CEVAP: Türkiye’nin GSYH açısından dünya ülkeleri arasındaki yeri incelenecek olursa, 778,09 milyar ABD Doları GSYH değeri ile 2011 yılında 18. sırada yer almıştır. (Bir önceki yıl 17. sıradaydı). GSYH açısından 2011 itibarı ile diğer ülkelere bakıldığında ABD, Çin ve Japonya ilk üç sırayı almaktadırlar.
#12
SORU: Enflasyonun ekonomiye etkisi ne şekildedir?
CEVAP: Enflasyon başta gelişmekte olan ülkeler olmak üzere tüm dünya ülke yöneticilerinin çözmeye çalıştıkları üç temel sorundan biridir (diğer sorunlar işsizlik ve büyüme yetersizliği). Bu kapsamda Türkiye’nin de geçmiş dönemlerde ve günümüzdeki ekonomik sorunlarının arasında enflasyon yer almaktadır. Enflasyon, mal ve hizmet fiyatlarının artması dolayısıyla alım gücünün düşmesine, dolayısıyla tüketimin ve firmaların hasılatlarının düşmesine, reel ücretin düşmesine neden olmakta, ilerleyen süreçte üretim maliyetlerinin artmasına neden olarak firmaların finansman sıkıntısı çekmesine neden olmakta, gelir dağılımının sabit ve düşük gelirlilerin aleyhine gelişmesine, yolsuzluk ve yoksulluğa yol açmaktadır.
#13
SORU: Büyüme hızı nedir? Hangi durumlarda büyüme hızına bakılır?
CEVAP: Ülkenin üretim gücünün bir yıldan diğer yıla artış miktarı o ülke ekonomisinin büyüme hızını göstermektedir. Ülkenin GSYH’deki bir yıldan diğerine oransal artış olarak belirlenen büyüme hızındaki gelişim ülke ekonomisinin gelecek süreç içerisindeki (beklenmeyen kriz durumlar hariç) yönelimi hakkında bilgi verebilecektir. Bu durumda yine yatırımcı ve ihracatçı firmalar açısından ülkelerin büyüme hızı o ülkenin gelecekteki ekonomi durumu ile ilgili bilgi verirken, kredi sağlayıcıların o ülkeden gelen talepleri karşılayıp karşılamayacağı ile ilgili veya o ülkeye mal satacakların ülke riski hakkında fikir edinmeleri açısından önemli bilgiler verecektir. Sürekli ve istikrarlı bir şekilde üretim gücü artan bir ülkenin yatırımcıları yatırımlarının finansmanı için kredi sağlayan kuruluşlara başvurduklarında, kredi sağlayan kuruluşlarının gözünde kredilerinin geri ödenmesi ile ilgili olumlu bir izlenim var olduğundan dolayı hem kolay hem de daha iyi şartlarda borçlanma imkânı elde edebilecektir. Büyüme hızı, ihracatçı firmalar açısından incelenecek olursa; büyüyen ekonomilerde gelirler de artmaktadır. Gelirlerin artması ise o ülkede insanların daha fazla harcama olanağı elde etmeleri anlamına gelir ki bu o ülkeye mal ve hizmet satan firmaların büyümeyle birlikte daha fazla mal ve hizmet satması anlamına gelecektir. Bu durum ihracatçı firmaların satışlarının, gelirlerinin ve karlarının artmasına neden olacaktır. O nedenle büyüme hızı dış ticaret açısından oldukça önemli bir veriyi oluşturmaktadır.
#14
SORU: 2011 yılında Türkiye’de TÜFE’ye göre enflasyon oranının yüksek çıkma sebebi nedir?

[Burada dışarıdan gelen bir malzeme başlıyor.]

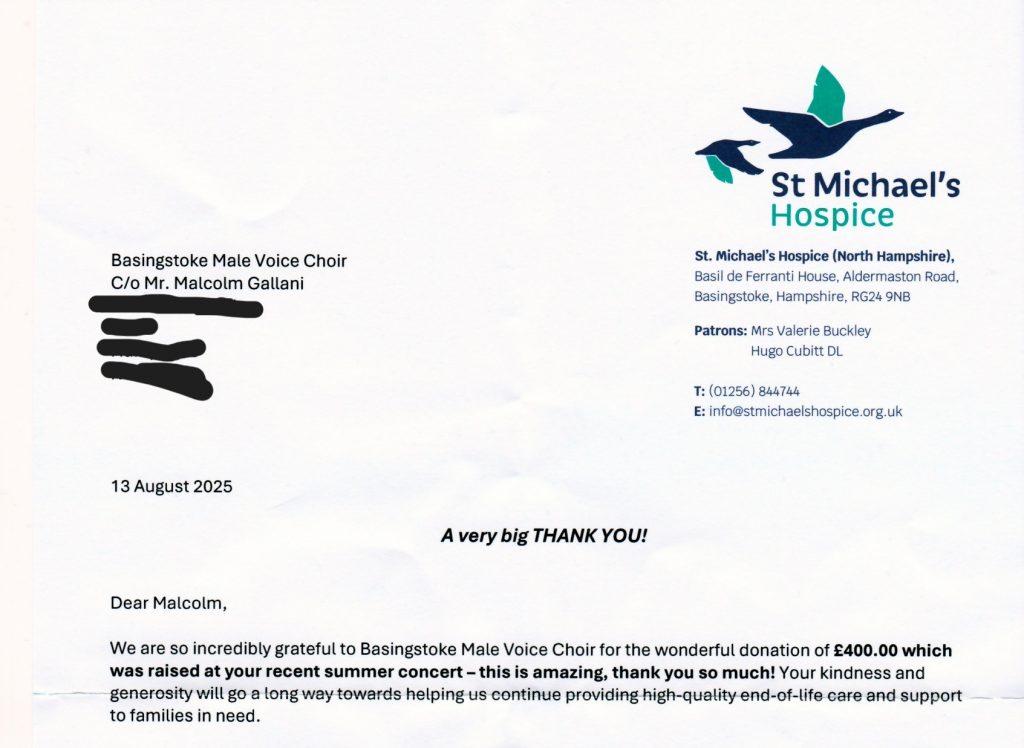 Our next concert is on the 18th October and is a joint concert with the Basing Singers in aid of the Ark Cancer Charity. More details can be found on the Concerts page.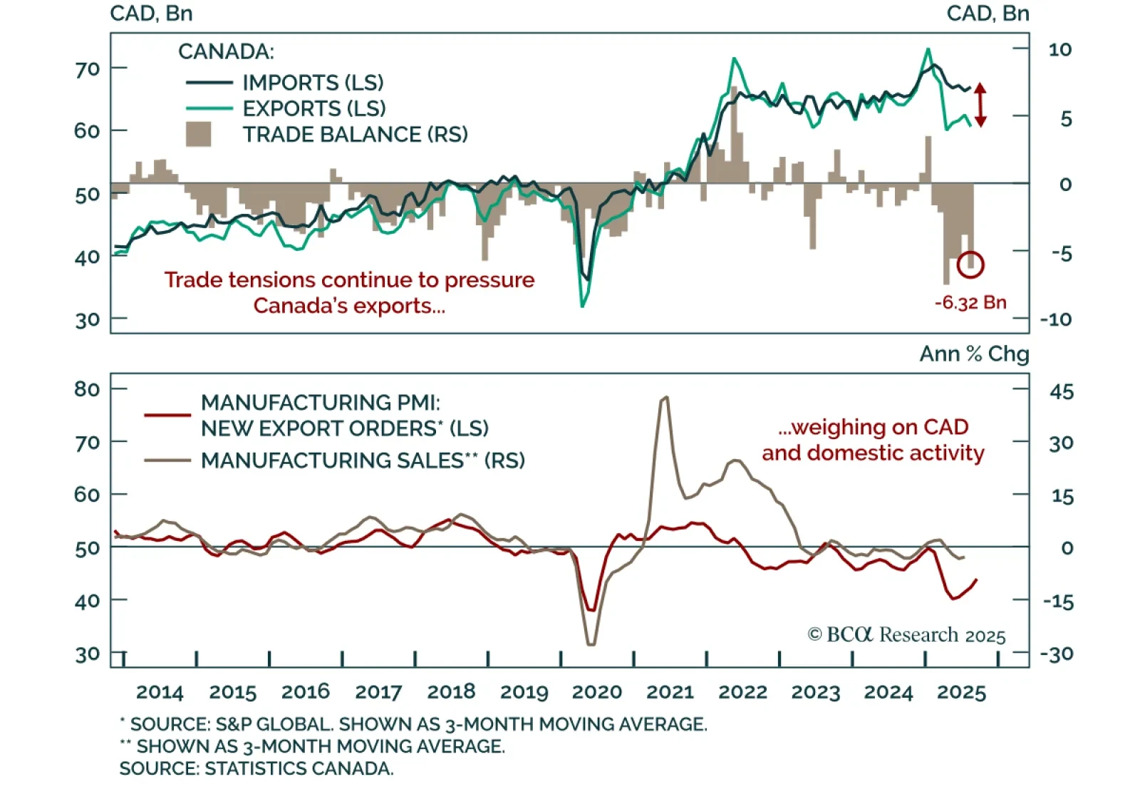 Trade concerns continue to weigh on Canada, reinforcing a cautious macro outlook with near term downside for bond yields and the CAD, though the currency selloff is getting stretched and could soon present an attractive entry point.…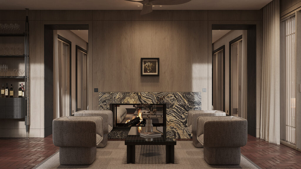 This seating area more intimate than the main living area, yet just as considered. The layout is symmetrical and calm, anchored by the fireplace, which naturally becomes the emotional center of the room.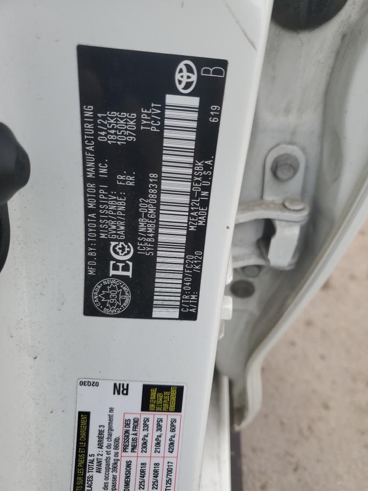 Колір БілийЦиліндри 4VIN 5YFB4MBE6MP088318Стан НевідомоУшкодження Передня або задня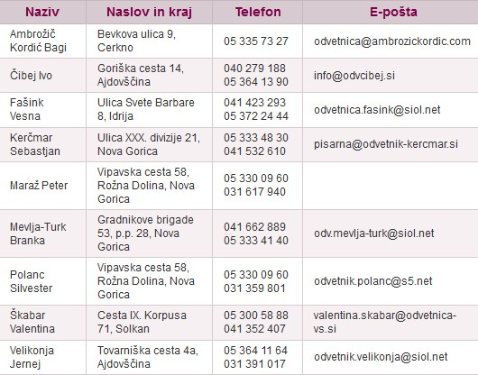 Več informacij o sodelujočih odvetniških pisarnah najdete na http://www.odv-zb.si.

CEVAP: Yıllık TÜFE’nin artış oranı 2011 Aralık ayında %10,45 olarak gerçekleşmiştir. 2011 yılında enflasyon oranının yüksek çıkmasında gıda, konut, ulaşım gibi temel sektörlerdeki fiyat artışlarının ve elektrik, doğalgaz, akaryakıt fiyatlarındaki artışın da etkisi olmuştur.
#15
SORU: Enflasyon oranının 2011 yılında yüksek olma sebebi nedir?

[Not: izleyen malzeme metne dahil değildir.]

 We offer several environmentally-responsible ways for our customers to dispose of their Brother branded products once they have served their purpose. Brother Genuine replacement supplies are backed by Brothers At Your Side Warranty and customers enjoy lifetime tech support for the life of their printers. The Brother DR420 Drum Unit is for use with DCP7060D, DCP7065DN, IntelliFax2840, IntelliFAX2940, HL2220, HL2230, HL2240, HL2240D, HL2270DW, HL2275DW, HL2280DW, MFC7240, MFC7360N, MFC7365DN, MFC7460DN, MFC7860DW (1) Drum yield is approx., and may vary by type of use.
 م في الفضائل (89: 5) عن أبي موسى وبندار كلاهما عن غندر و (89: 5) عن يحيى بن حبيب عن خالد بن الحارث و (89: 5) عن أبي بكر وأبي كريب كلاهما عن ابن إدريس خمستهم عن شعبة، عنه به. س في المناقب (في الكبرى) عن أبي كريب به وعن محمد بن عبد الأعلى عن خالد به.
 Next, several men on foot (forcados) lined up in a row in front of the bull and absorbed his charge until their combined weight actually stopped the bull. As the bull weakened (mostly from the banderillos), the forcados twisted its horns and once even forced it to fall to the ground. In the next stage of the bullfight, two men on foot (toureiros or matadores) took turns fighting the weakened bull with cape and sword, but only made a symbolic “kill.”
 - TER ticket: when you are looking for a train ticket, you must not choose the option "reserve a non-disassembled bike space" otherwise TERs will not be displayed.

CEVAP: Enflasyonun 2011’de dönem itibarı ile yüksek olmasındaki sebep, 2011’de uluslararasında yaşanan istikrarsızlık (Yunanistan, İspanya, Macaristan gibi AB üyesi ülkelerdeki problemler, Arap Baharı olarak nitelendirilen özellikle Kuzey Afrika ülkelerinde yaşanan karışıklıkların petrol fiyatlarını artırması, İran’la ilgili olarak uluslararası piyasalarda yaşanan endişeler gibi…) ulusal düzeyde alkol ve tütün mamulleri, elektrik, doğalgaz, akaryakıt fiyatlarına yapılan zamların etkisi yüksek olmuştur.
#16
SORU: Sabit fiyatlarla hesaplanan GSYH büyüme hızına bakıldığında 2011 yılında Türkiye’nin büyüme hızı ne orandadır?
CEVAP: 2011 yılında Türkiye ekonomisi yüksek oranlı büyüme rakamlarına ulaşmış ve %8,5’lik bir büyüme hızına erişmiştir.
#17
SORU: Kişi başına GSYH hangi konular hakkında bilgi verir?

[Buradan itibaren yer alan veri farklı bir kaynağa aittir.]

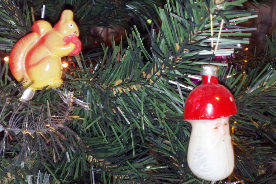 «В мирном 1949 году, к юбилею Александра Пушкина, была создана серия персонажей его сказок. В моей коллекции есть Старик с неводом, который ловит Золотую рыбку, Царевна-Лебедь и Белочка из «Сказки о царе Салтане» – эти игрушки достались мне еще от бабушки. Но в основном коллекцию начал собирать мой папа – жили мы тогда в Челябинске. В год моего рождения вышел всенародно любимый фильм «Карнавальная ночь» и появились стеклянные шары в виде будильников и музыкальных инструментов. И так на нашей елке с тех пор красуются часики, стрелки на которых показывают без пяти двенадцать». Эти часики для Ирины Константиновны теперь главный атрибут, без которого невозможно представить красавицу-елку.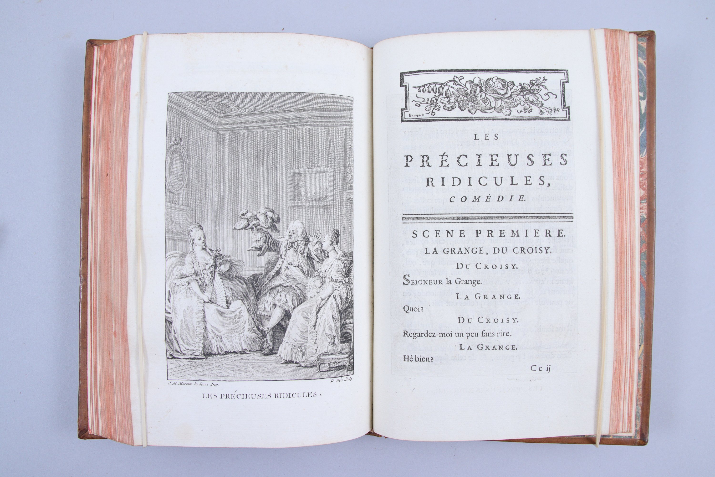 Bel exemplaire en premier tirage de cette célèbre édition, l'une des plus belles de Molière. Elle est illustrée d'un portrait de Molière par Mignard, gravé par Cathelin, de 6 fleurons de titre et de 33 figures de Moreau le Jeune, gravées par Moreau lui-même, ou par Bagnon, Delaunay, Duclos, de Ghendt, Masquelier, etc...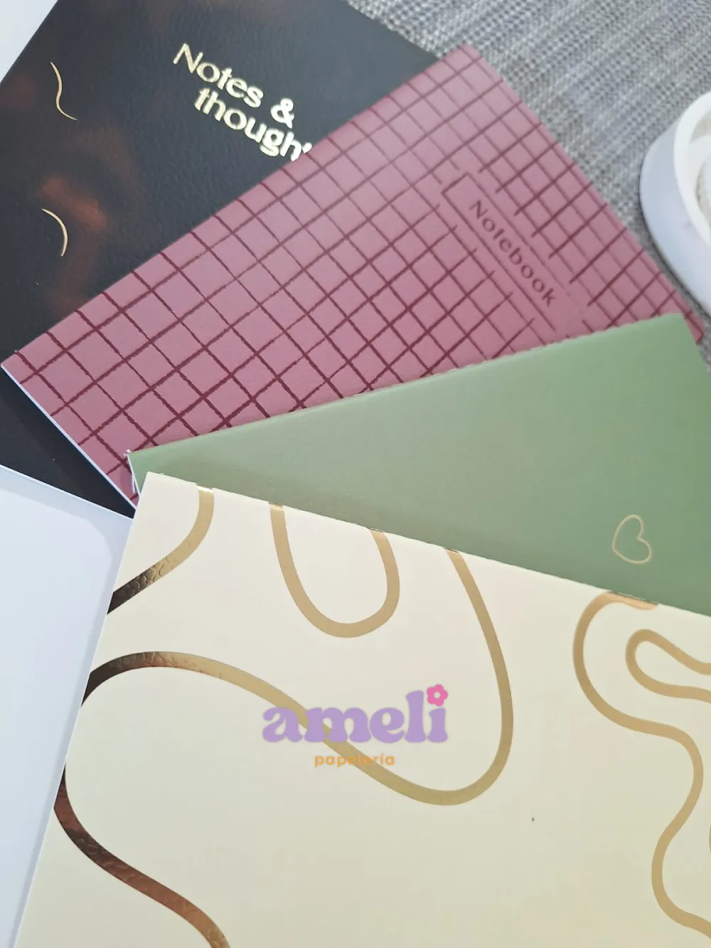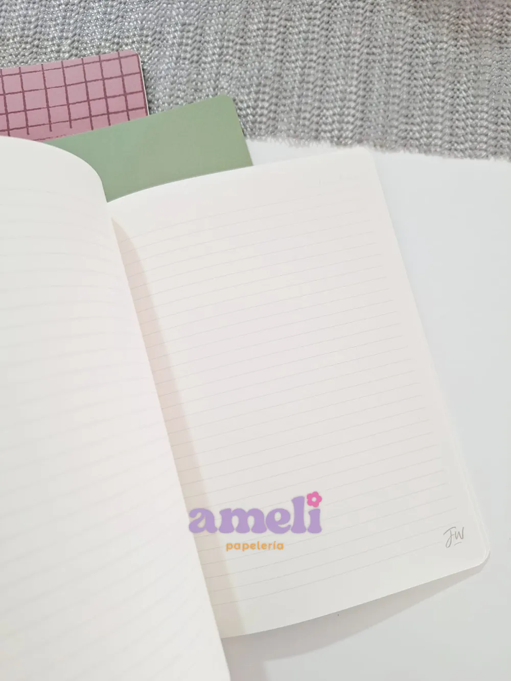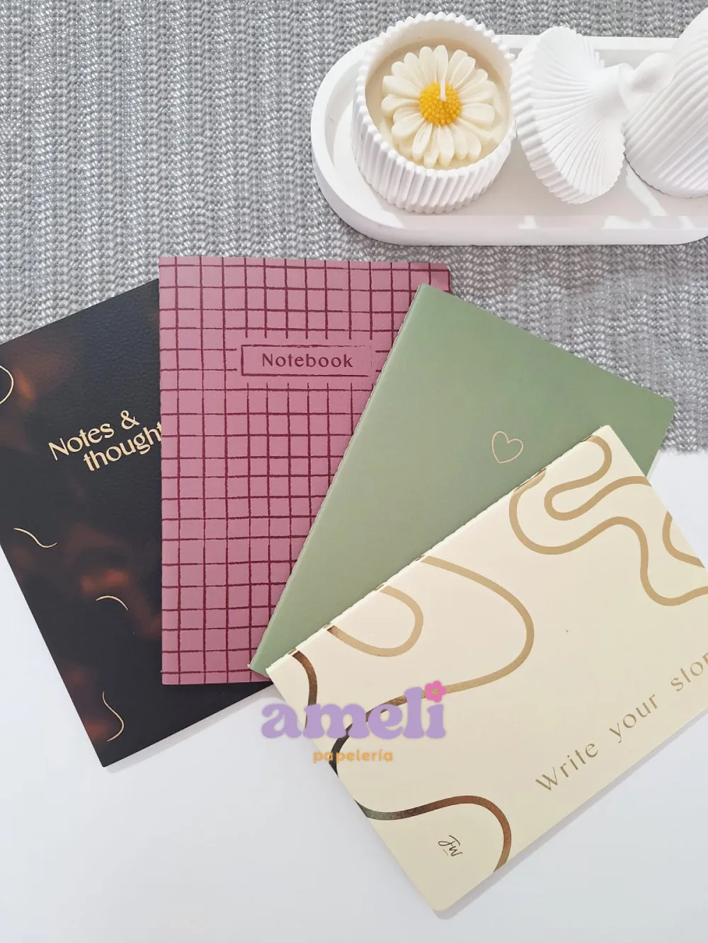 Set de 4 cuadernos con hojas rayadas, cuadriculadas, lisas y bullet. Tapa 250g de papel texturado laminado. Detalles en stamping. 32 hojas de 80g. Tamaño 148 x 210 mm. Lomo cocido

CEVAP: Kişi başına GSYH, GSYH değerinin o yılki nüfus miktarına bölünmesiyle ulaşılan değerdir. GSYH tek başına o ülkedeki yaşam seviyesi ve refah ile ilgili yeterli bilgi vermeyebilir. Böyle bir sorunu bertaraf edinebilmek için kişi başına GSYH değerlerinin incelenmesi o ülkedeki refah düzeyi hakkında bir fikir oluşmasında yeterli olabilecektir. Kişi başına yüksek bir GSYH olması, o ülkedeki insanların gelirlerinin ve harcama olanaklarının daha yüksek olduğunu gösterebilecektir. Böyle bir durumda o ülkedeki insanların ithal mal ve hizmetleri satın alma olanakları da yüksek olacaktır. İhracatçı firmalar için bu ülkelerde ürünlerini satmaları kolaylaşırken, satış miktarları, hasılatları ve karlarını artırma konusunda daha başarılı olabileceklerdir. Bu yorumdan da anlaşılacağı üzere kendisine pazar arayan ihracatçılar veya satışlarını artırmak isteyen ihracatçıların göz önünde bulundurması gereken ekonomik değişkenlerden biri de kişi başına GSYH değeridir. Bununla birlikte ithalatın artma olasılığı da ülke yöneticileri için politikalarını belirlerken göz önünde bulundurmaları gereken konulardandır.
#18
SORU: 2011 yılında Türkiye’de ÜFE’ye göre enflasyon oranının yüksek çıkma sebebi nedir?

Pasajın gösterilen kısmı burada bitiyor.